What is expected
Transcribe the listing verbatim. Do not carry over any pictures.

Provided data
>>>

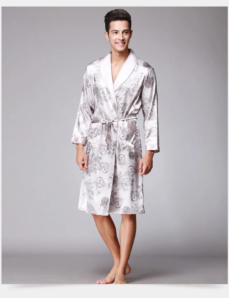 Мужская Шелковая пижама, черная атласная пижама до колен с длинными рукавами и 3D-принтом, для лета и осени, 2021
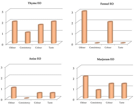 Sensory test of each single tested oil. Where the scale of the sensory test is: 0: No difference from control; 0–1: Similar to control; 1–2: low difference from the control; 2–3: highly different from the control. The used concentrations for the studied EOs were thyme 40 mg/mL; fennel 80 mg/mL; anise 60 mg/mL and marjoram 60 mg/mL.
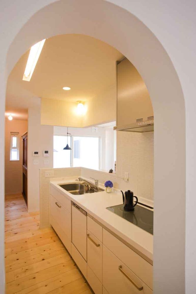 間口に対して奥行きのある敷地に建つK様邸は、玄関を入るとまずLDK、中庭をはさんだ奥に主寝室やバスルームをレイアウト。パブリックとプライベートをコリドーで結んでいる。LDKはもちろん、そこにある小上がりの畳コーナーも、主寝室も、部屋としての仕切りは一切なし。1階全体がひとつの大きな空間としてつながっている。大空間ではあるが、建物全体を高断熱化することで建物内の温度変化を最小限に。さらに上昇する暖気の性質を応用した換気システムで、夏は換気をしながら温度上昇を抑えるという。邸内全体が一年中心地よい空気で満たされる。建物全体の環境をコントロールすることにより、住む人の希望する大空間のドラスティックなデザインが可能になるのだ。

<<<

Written response
 Мужская Шелковая пижама, черная атласная пижама до колен с длинными рукавами и 3D-принтом, для лета и осени, 2021
 Sensory test of each single tested oil. Where the scale of the sensory test is: 0: No difference from control; 0–1: Similar to control; 1–2: low difference from the control; 2–3: highly different from the control. The used concentrations for the studied EOs were thyme 40 mg/mL; fennel 80 mg/mL; anise 60 mg/mL and marjoram 60 mg/mL.
 間口に対して奥行きのある敷地に建つK様邸は、玄関を入るとまずLDK、中庭をはさんだ奥に主寝室やバスルームをレイアウト。パブリックとプライベートをコリドーで結んでいる。LDKはもちろん、そこにある小上がりの畳コーナーも、主寝室も、部屋としての仕切りは一切なし。1階全体がひとつの大きな空間としてつながっている。大空間ではあるが、建物全体を高断熱化することで建物内の温度変化を最小限に。さらに上昇する暖気の性質を応用した換気システムで、夏は換気をしながら温度上昇を抑えるという。邸内全体が一年中心地よい空気で満たされる。建物全体の環境をコントロールすることにより、住む人の希望する大空間のドラスティックなデザインが可能になるのだ。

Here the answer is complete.